When creating descriptor functions, the guidelines below should be followed:

  1. Return value
    • The descriptors will return the correct value, regardless of the data processing status of the AstroData object.
    • The descriptors will not write keywords to the headers of the AstroData object or cache any information, since it is no effort to use the descriptors to obtain the correct value as and when it is required.
    • The value of a descriptor can be written to the history, for information only.
  2. Return value Python type
    • The descriptors will always return a DV object to the user.
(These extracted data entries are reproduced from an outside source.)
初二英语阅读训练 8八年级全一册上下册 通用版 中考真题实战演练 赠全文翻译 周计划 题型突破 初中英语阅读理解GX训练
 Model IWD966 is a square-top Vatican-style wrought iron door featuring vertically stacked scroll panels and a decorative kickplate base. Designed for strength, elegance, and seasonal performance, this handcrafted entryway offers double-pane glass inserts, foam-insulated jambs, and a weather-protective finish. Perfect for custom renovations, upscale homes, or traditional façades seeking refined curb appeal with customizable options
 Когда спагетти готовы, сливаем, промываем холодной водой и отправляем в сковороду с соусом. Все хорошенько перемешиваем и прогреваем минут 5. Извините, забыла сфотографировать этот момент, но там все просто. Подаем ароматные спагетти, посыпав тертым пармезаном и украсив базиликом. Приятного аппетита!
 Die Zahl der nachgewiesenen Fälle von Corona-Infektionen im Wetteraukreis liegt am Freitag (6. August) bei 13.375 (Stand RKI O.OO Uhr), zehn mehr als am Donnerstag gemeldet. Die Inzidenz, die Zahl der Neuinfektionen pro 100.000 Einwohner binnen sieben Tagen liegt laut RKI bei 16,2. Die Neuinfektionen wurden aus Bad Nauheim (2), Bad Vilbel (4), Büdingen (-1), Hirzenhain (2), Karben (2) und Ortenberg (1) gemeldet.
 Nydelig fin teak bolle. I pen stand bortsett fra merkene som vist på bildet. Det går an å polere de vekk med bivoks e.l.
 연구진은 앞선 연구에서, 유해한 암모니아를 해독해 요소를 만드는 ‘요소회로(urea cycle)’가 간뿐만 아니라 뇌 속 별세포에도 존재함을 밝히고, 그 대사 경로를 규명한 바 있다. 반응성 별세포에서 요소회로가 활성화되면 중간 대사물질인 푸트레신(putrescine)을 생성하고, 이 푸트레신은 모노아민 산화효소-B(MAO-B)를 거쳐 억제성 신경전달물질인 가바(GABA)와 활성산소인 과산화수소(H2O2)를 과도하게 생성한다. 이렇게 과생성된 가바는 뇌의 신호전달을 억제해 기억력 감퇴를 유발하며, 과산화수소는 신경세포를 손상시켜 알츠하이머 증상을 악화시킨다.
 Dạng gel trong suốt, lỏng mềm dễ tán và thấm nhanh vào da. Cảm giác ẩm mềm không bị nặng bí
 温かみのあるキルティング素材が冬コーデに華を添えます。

    • The DV object is instantiated by the CI for descriptors that obtain their values directly from the headers of the AstroData object. For descriptors that obtain their values from the descriptor functions, the descriptor functions should be coded to return a DV object. The DV object contains information related to the descriptor, including the value of the descriptor, the default Python type for that descriptor and the units of the descriptor.
  3. Keyword access
    • The phu_get_key_value and get_key_value AstroData member functions should be used in the descriptor functions to access keywords in the PHU and the headers of the pixel data extensions, respectively, of an AstroData object.
  4. Logging
    • Descriptors will not log any messages.
  5. Raising exceptions
    • If the value of a descriptor can not be determined for whatever reason, the descriptor function should raise an exception.
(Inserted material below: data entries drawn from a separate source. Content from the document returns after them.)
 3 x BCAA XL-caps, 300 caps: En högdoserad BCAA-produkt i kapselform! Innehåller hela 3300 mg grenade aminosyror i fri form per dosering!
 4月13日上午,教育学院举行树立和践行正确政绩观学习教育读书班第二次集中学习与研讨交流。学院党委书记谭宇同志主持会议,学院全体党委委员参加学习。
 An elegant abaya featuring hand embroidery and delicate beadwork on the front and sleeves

    • The descriptor functions should never be coded to return None. Instead, a descriptor function should throw an exception with a message explaining why a value could not be returned (e.g., if the concept does not directly apply to the data). An exception thrown from a descriptor function will be caught by the CI.
  6. Exception rule
    • Descriptors should throw exceptions on fatal errors.
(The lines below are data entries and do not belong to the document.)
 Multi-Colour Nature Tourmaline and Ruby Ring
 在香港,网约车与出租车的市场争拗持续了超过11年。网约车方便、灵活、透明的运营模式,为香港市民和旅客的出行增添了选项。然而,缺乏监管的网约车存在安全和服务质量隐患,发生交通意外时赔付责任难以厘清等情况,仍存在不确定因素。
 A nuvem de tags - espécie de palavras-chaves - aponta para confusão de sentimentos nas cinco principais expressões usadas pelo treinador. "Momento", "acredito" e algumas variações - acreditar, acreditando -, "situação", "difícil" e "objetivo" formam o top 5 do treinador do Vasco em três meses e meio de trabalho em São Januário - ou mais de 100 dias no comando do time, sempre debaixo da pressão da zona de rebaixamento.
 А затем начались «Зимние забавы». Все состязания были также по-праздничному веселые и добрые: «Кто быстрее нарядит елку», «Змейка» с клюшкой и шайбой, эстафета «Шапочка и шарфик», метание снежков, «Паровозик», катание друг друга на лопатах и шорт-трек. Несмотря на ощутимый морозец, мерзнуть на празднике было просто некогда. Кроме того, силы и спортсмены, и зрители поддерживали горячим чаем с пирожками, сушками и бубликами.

    • Exceptions thrown on fatal errors (e.g., if a descriptor function is not found in a loaded calculator) should never be caught by the CI. The high level code, such as a script or a primitive, should catch any relevant exceptions.
  7. Descriptor names
    • Descriptor names will be:
      • all lower case
      • terms separated with “_”
      • not instrument specific
      • not mode specific, mostly
    • A descriptor should describe a particular concept and apply for all instrument modes.
  8. Standard parameters

4.8. Descriptor Exceptions

When writing descriptor functions, if a descriptor is unable to return a value, an exception should be raised in the code with an appropriate, explicit error message, so that it is clear to the user exactly why a value could not be returned. The exception information is stored in exception_info by the CI so that a user can access that information, if they wish to do so. A list of descriptor exceptions can be found in the astrodata/Errors.py module. These descriptor exceptions inherit from the DescriptorError base class and are caught by the CI. If the default setting of throwExceptions = False (line 62 in astrodata/Calculator.py), None is returned. During development, the developer should set throwExceptions = True so that exceptions are thrown.